One constant in the complex and diverse world of human relationships is that everybody, no matter how good of a communicator they are, experiences times when communication breaks down and they just get stuck. One of the questions that is often asked in these moments of confusion or hurt is “how did this happen”? While the variables involved with answering this type of question are vast and sometimes beyond our individual control, there is often a dynamic in play that can very much influence our communication experiences and overall relationships.

An Unwanted Repetitive Pattern (URP) is a term that describes the assumed role that a person often falls into when they are communicating with someone else. These are the all too predictable patterns of communication, which in the moment seem unavoidable and even inescapable to the participants. They may often take the form of arguments, nag-withdrawal patterns and other events that steadily diminish the quality of relationships one conversation at a time. I would venture a guess that everyone experiences URPs of some kind in their significant relationships. Pearce and Cronen coined this term in their communication research and the concept is described here as a tool for seeing how each of us may unconsciously keep falling into these unwanted circumstances.

A quick example might help to clarify the concept: Imagine a husband and wife are working hard to be partners in their marriage. The pressures of managing the family, the home and all the stuff take a toll and are often the source of their arguments. Based upon their deeply held attitudes about money, each time things get tight with the family budget, the couple participates in nearly the exact same conversation. Each person performs the same role, with nearly the same words and behaviors. Despite the fact that this repetitive pattern causes hurt and is not really helping them to address their issues, it continues to repeat itself.

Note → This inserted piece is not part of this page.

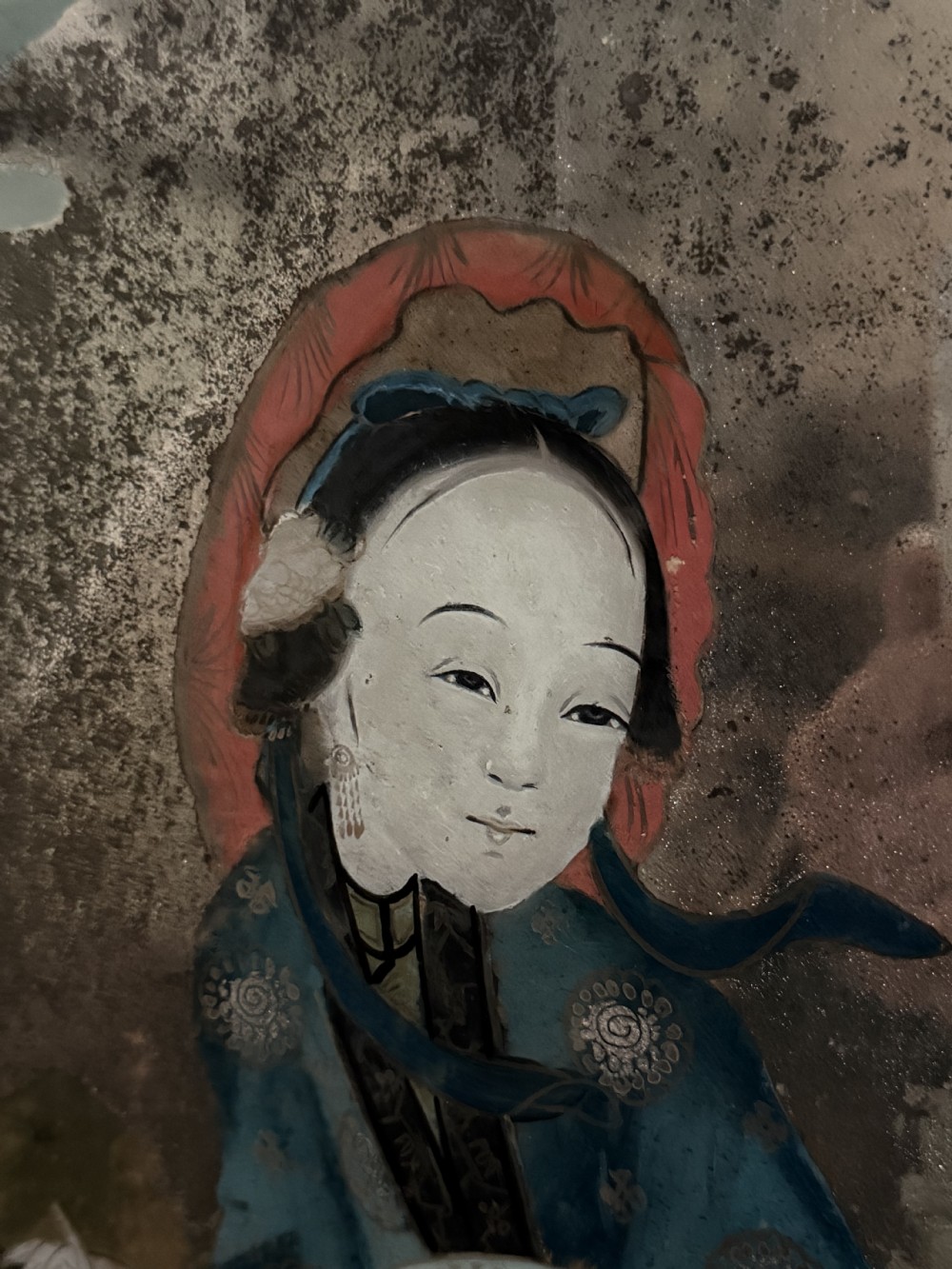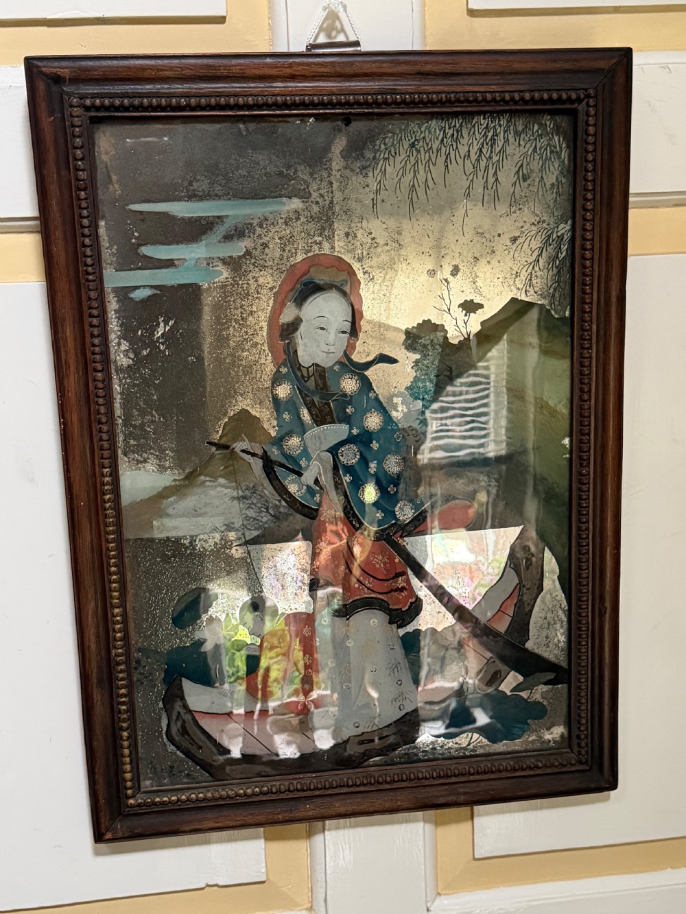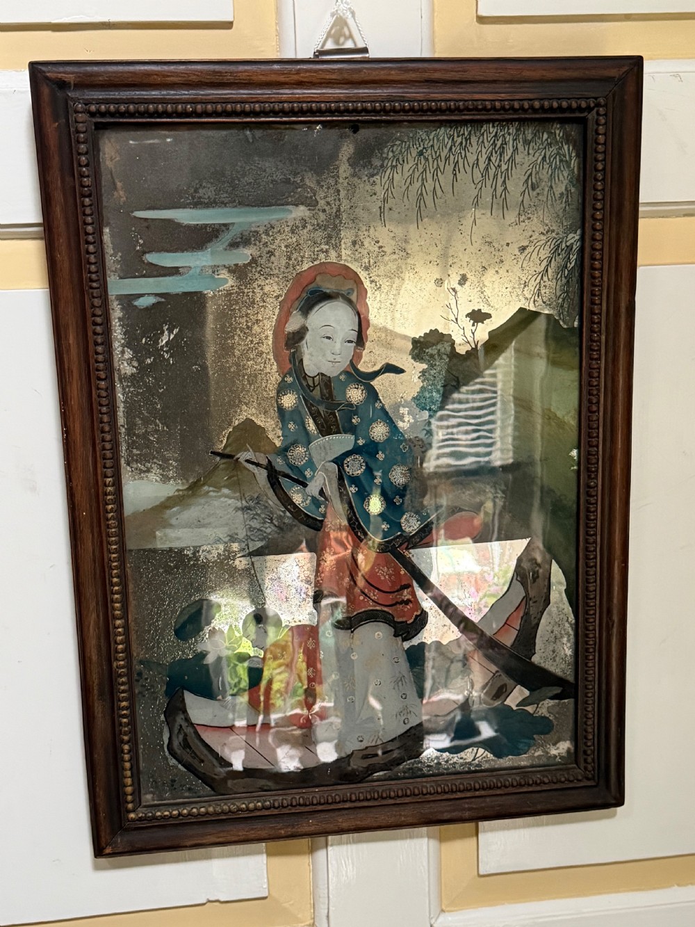 Early C19th Chinese Export trade reverse painted mirror-glass picture

The physics of these URPs works something like this: Throughout our relationships we develop a strong sense of what we think we “should do” in a specific context. Over time, whenever that familiar context presents itself, the same set of behaviors naturally recurs. Rather than stopping to evaluate what we want out of a given situation, we effortlessly replay a similar pattern of words, non-verbal communication cues and attitudes that embody this sense of what we ought to be doing. For people who have experienced a dysfunctional relationship with a co-worker, significant other, friend or family member, they often describe the URP as an invisible force that pulls them in a specific direction or pattern of communication.

If you find yourself experiencing a URP, there are a couple of things you can do to disrupt the pattern. The first thing is to notice the dynamic when it occurs. Focus on exactly what the “should” is and observe the specific context that evokes the strong knee-jerk pattern of attitudes and behaviors. When you become more comfortable noticing the pattern, begin to ask these two questions: 1) What would I choose to create in this relationship instead of the URP? and 2) How would these changes alter this relationship so that a new context emerges?

By focusing and eventually getting some clarity on these two questions, it becomes possible to get the leverage needed to change the strong pull of a URP. Although they can be difficult to shift because of their years of strong influence upon us, URPs can be replaced by confident and intentional choices for more effective communication and better relationships. Imagine what’s possible when we ditch our URPs and replace them with more satisfying interactions with others!